One of them is Kateryna Kryvenko, 17, who has been living in Cork with a host family for three weeks.

Kateryna has lived in kyiv all her life and is a student of catering and food technology at a university in the city.

She fled Ukraine on March 6 with her grandmother, aunt and cousin, leaving behind her father.

“One day we heard that people emigrating from Bucha were being killed, so we decided to leave because it was very dangerous to stay in Kyiv,” she explained.

“It was difficult, but we understood that we had to leave,” she added.

While waiting for a train in Kyiv, Kateryna’s grandmother suffered a stroke and had to seek treatment in Poland once she arrived.

After a long and difficult journey, Kateryna, her aunt, cousin and grandmother are happy to be in Cork now, having been helped along the way by an Irish volunteer group, Safe Harbor for Ukraine.

They are staying with a host family that Kateryna describes as “so generous”. She has already made friends and enjoys exploring the city.

“There are a lot of Ukrainian flags in Cork so it feels like home,” she said.

She is still studying in Cork, but now she hopes to find a job to help her get back to routine and some form of ‘usual life’.

“I always [worked] somewhere in Kyiv. I’m always doing something, going somewhere… so I need to end my day with something.”

Staff shortages

Some of the Ukrainian women working at the Abbeyglen Castle Hotel.

Meanwhile, many industries are currently experiencing staff shortages, especially hospitality. In Galway, a hotel has already hired six Ukrainian women as employees.

Maryna, Anna, Anastasiya, Yulia, Mila and Maya are in their third week working at the Abbeyglen Castle Hotel after arriving from Ukraine.

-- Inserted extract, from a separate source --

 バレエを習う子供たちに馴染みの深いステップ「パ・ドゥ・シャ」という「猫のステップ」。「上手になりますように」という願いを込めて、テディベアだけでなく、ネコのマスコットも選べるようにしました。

They work a maximum of 20 hours per week.

Manager Brian Hughes said the jobs helped them take their minds off of what was going on at home and also helped address the hotel’s lack of staff.

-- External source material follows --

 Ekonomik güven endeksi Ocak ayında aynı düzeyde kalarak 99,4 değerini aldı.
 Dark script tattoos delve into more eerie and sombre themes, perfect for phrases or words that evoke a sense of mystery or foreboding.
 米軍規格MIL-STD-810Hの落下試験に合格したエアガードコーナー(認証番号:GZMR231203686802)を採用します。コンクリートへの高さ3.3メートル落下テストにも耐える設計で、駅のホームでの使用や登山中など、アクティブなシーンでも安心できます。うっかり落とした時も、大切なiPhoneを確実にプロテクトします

“We have been open since January 28 and since then it has been difficult to have a team of people around us to run the hotel to full capacity, so that has been a huge help and a huge boost for us,” he said. mentioned.

Other companies have also shown interest in recruiting Ukrainian refugees. In Cork, Ernest Cantillon, owner of Sober Lane and Electric, said he had managed to retain most of his staff during the pandemic, but in the coming weeks he will consider recruiting Ukrainians who might be interested in a work.

“I think it’s a win-win scenario,” he said.

After two years of “stop and start”, the chairman of the Cork branch of the Irish Hotel Federation, Joe Kennedy, said they were rebuilding their industry.

Currently, there are more jobs than people, he said, and recruiting new employees has proven to be a challenge for most industries.

“As an industry now, we are working to rebuild,” he added.